Canadian pipeline company building polypropylene complex finds white knight in competitor

Canada’s Inter Pipeline said on June 3 that a decision to recommend to shareholders a buyout plan by Pembina, an old mid-stream competitor, has been taken. Pembina's proposal followed an unwelcomed offer by a group of investors earlier this year.

Image courtesy of Inter Pipeline

Pembina had said the transaction is valued at approximately C$15.2 billion, including Inter Pipeline’s debt. Pembina and Inter Pipeline shareholders will own 72% and 28% of the combined company, respectively.

“As previously announced on June 1, 2021, Inter Pipeline and Pembina (…) have entered into an arrangement agreement providing for Pembina to acquire all of the issued and outstanding common shares of Inter Pipeline in an all-share transaction,” Inter Pipeline said in its statement.

The board of directors of Inter Pipeline “continues to unanimously recommend the Pembina transaction to Inter Pipeline shareholders, which is highly strategic for both parties” due to synergies and other potential, it said.

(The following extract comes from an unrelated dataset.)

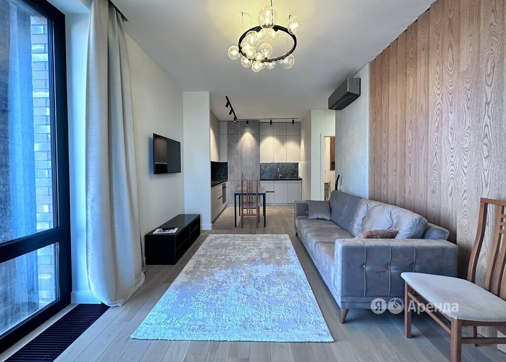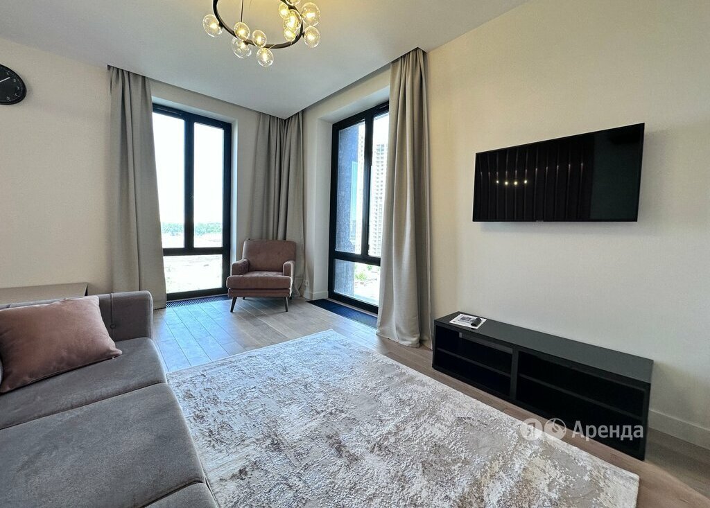 Сдаётся 1-комнатная квартира площадью 50 кв.м. с евроремонтом на 7 этаже в 44-этажном доме на срок от 11 месяцев. Из техники есть:

Pembina's offer includes dividend increase

If shareholders at Inter Pipeline accept Pembina’s offer, “they will benefit from a 175% increase to their monthly dividend upon closing,” the company said.

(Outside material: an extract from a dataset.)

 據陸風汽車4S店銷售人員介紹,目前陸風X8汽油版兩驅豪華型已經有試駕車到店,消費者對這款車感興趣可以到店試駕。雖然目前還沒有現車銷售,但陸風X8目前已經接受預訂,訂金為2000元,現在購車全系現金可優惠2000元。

The transaction will also enable shareholders to “participate directly in the cash flow growth from the Heartland Petrochemical Complex” scheduled to start operations in early 2022, it said.

Inter Pipeline said on April 22 that the construction of the polypropylene facility will be completed by year’s end with commercial operations planned for 2022.

Pembina had contemplated a similar complex in partnership with Kuwait’s PIC but in recent months deferred the project amid volatility related to Covid-19.

Both Inter Pipeline's HPC as well as the site of Pembina's deferred project are near Edmonton, Alberta. 

Brookfield’s new offer seen too similar

The proposed variation to the offer from an investor group named Brookfield appeared to be on substantially the same economic terms as the previous one on May 31 and this justified the decision to support the offer from Pembina, the statement said.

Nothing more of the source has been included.